To work around problem, one should separate iteration from choice (or from outer iteration) with some sequencing, e.g. the following expressions avoid the problem: (s;{a})#b, {s;{a};b};c.

A similar problem occurs when the end of the iteration body interacts with the merge point of a choice (or the end of the outer iteration's body). For example, consider ((s;{a})#b);c. The resulting Petri net is as follows:

help:control_flow_expressions:bad-choice-iter-end.svg

Note that it allows an illegal trace b a. Similarly, the Petri net for {s;{a}} allows the illegal trace a (without s).

Pitfall 2: Concurrency in the body

Another pitfall is that concurrency in the body of iteration can result in unsafe Petri net. For example, consider the Petri net for {a|b}:

help:control_flow_expressions:unsafe-iter-conc.svg

Note that firing either a or b transition results in an unsafe (though 2-bounded) marking. Intuitively, the reason is that traces like a b b are possible, where the transition corresponding to b can fire twice (but not more) in a row – to model this without `silent' transitions one needs two tokens on some place. As many verification and synthesis tools in Workcraft can work only with safe Petri nets or STGs, constructions like this should be avoided.

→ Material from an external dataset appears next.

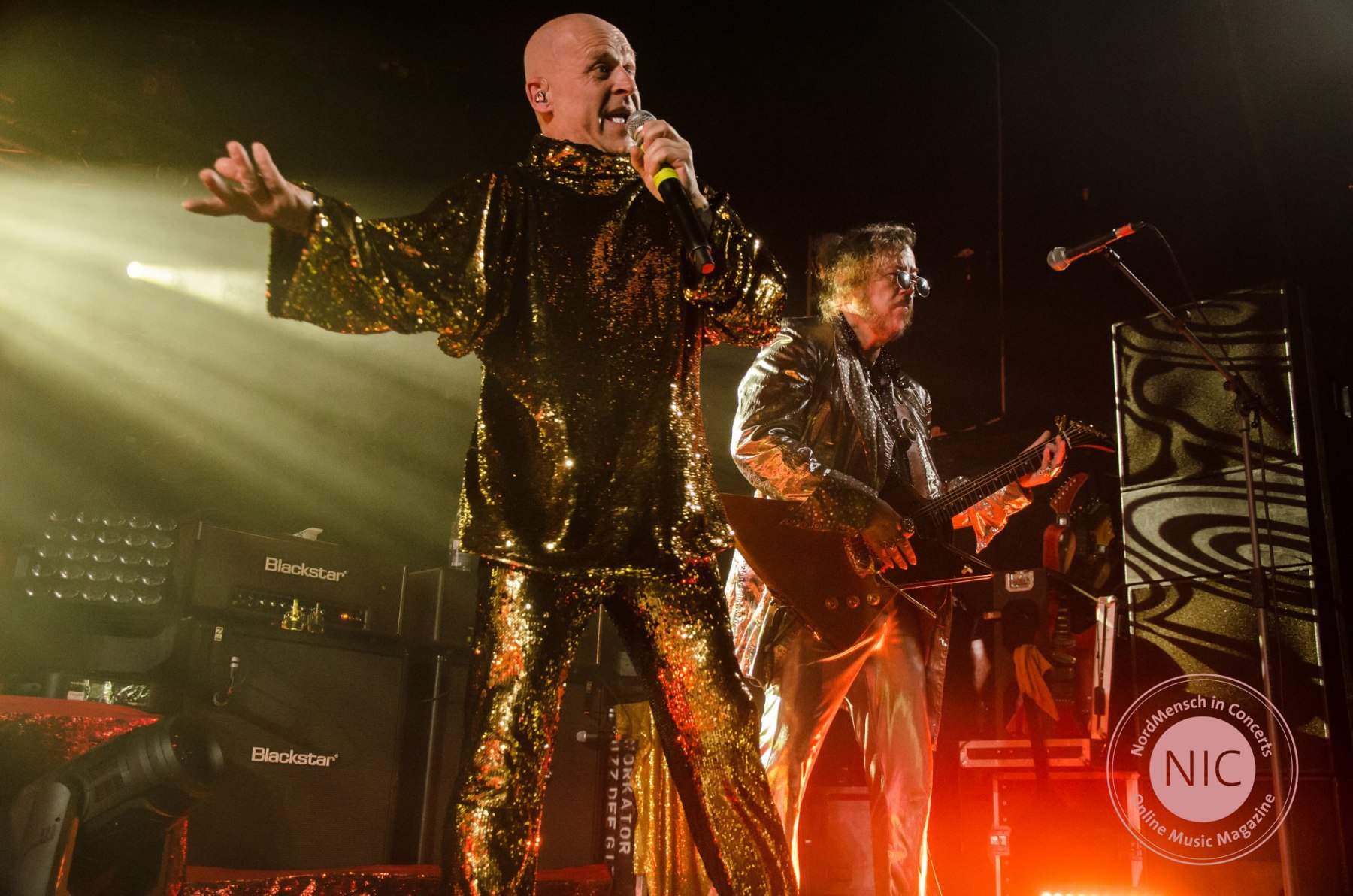 Nun kam als Nächstes aber etwas, was man sich in aller Ruhe mehrfach zu Gemüte führen könnte: Eine Coverversion des Discoklassikers “Ring my Bell‘ von ANITA WARD. Welch eine Offenbarung. Man kann von dem Discosound ja halten, was man will, aber diese Interpretation, in der Stumpen seine Stimme derartig gut präsentiert, dass man glatt denken könnte, Anita selbst stünde höchstpersönlich auf der Bühne, ist einfach großartig. Das anschließende ACE OF BASE – Cover „All that she wants“ kennt man bereits, gefällt aber von Mal zu Mal besser. Alf und Stumpen geben als Frontmaker einmal wieder alles und auch dem Rest der Band merkt man den Spaß an diesem Abend sichtlich an. Nach weiteren, sowohl neueren als auch altbekannten Stücken, wie z.B. „Hardcore“, „Krieg“ und das abschließende „Rette sich wer kann“ ist das Konzert der „Meisten Band der Welt“ so einfach zu Ende, wie es begann. Ein zufriedenes Publikum, ob nun mit Bauchschmerzen vom Lachen her oder mit Nackenschmerzen vom Headbangen, feiert die Band noch eine ganze Weile nach und hier und da hört man Stimmen, die sich auf das nächste Konzert von KNORKATOR freuen.

To work around this problem, one needs some sequencing in the body of the iteration, e.g. the Petri net for {(a|b);(c|d)} is safe.

References


[1] V. Khomenko, M. Koutny, A. Yakovlev: Avoiding Exponential Explosion in Petri Net Models of Control Flows. Proc. Petri Nets (2022) 261-277.
[2] V. Khomenko, M. Koutny, A. Yakovlev: Slimming Down Petri Boxes: Compact Petri Net Models of Control Flows. Proc. CONCUR, Leibniz International Proceedings in Informatics (LIPIcs) 243 (2022) 8:1-8:16.